▶ **Exercise requirements**:
Find the line in the entries below that contains "- Backbend/heart opener". Repeat it exactly, and every line after it through the line that contains "In mooi en fel".

▶ **Provided information**:
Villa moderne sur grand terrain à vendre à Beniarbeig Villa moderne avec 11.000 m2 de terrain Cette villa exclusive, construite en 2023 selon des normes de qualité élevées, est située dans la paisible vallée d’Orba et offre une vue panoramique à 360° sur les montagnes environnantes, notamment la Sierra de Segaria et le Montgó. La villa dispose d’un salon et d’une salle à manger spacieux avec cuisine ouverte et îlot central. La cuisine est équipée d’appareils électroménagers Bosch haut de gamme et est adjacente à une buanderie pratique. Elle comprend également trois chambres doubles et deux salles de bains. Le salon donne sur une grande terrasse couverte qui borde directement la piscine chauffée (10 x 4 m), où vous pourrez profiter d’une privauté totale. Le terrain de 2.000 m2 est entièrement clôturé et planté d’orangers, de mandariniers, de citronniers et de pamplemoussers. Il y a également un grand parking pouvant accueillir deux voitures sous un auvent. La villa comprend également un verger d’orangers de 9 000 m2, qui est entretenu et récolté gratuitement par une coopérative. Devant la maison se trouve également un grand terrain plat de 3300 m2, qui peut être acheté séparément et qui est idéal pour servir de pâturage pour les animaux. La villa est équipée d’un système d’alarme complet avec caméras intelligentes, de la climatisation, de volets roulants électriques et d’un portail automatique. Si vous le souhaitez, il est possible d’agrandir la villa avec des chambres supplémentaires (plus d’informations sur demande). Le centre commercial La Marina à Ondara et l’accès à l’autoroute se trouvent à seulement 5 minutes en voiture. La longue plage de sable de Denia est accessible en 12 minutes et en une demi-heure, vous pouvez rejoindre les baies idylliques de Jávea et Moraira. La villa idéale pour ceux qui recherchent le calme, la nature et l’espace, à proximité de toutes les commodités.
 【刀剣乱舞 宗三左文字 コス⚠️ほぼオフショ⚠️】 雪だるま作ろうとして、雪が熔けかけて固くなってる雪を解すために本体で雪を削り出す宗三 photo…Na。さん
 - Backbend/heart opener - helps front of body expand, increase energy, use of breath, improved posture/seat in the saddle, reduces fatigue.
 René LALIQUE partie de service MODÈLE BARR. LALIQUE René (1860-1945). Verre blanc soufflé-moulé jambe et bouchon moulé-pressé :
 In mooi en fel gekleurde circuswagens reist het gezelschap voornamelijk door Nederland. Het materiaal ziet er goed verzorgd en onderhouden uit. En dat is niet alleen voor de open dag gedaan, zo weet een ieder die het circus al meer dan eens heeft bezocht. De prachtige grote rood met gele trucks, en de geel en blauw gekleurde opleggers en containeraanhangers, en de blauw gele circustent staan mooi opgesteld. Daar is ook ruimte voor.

--

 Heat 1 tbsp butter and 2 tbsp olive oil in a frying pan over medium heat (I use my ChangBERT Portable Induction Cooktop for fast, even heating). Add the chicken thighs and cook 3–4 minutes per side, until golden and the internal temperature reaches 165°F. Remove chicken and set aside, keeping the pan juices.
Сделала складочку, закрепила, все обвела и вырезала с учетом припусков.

▶ **Output for this exercise**:
 - Backbend/heart opener - helps front of body expand, increase energy, use of breath, improved posture/seat in the saddle, reduces fatigue.
 René LALIQUE partie de service MODÈLE BARR. LALIQUE René (1860-1945). Verre blanc soufflé-moulé jambe et bouchon moulé-pressé :
 In mooi en fel gekleurde circuswagens reist het gezelschap voornamelijk door Nederland. Het materiaal ziet er goed verzorgd en onderhouden uit. En dat is niet alleen voor de open dag gedaan, zo weet een ieder die het circus al meer dan eens heeft bezocht. De prachtige grote rood met gele trucks, en de geel en blauw gekleurde opleggers en containeraanhangers, en de blauw gele circustent staan mooi opgesteld. Daar is ook ruimte voor.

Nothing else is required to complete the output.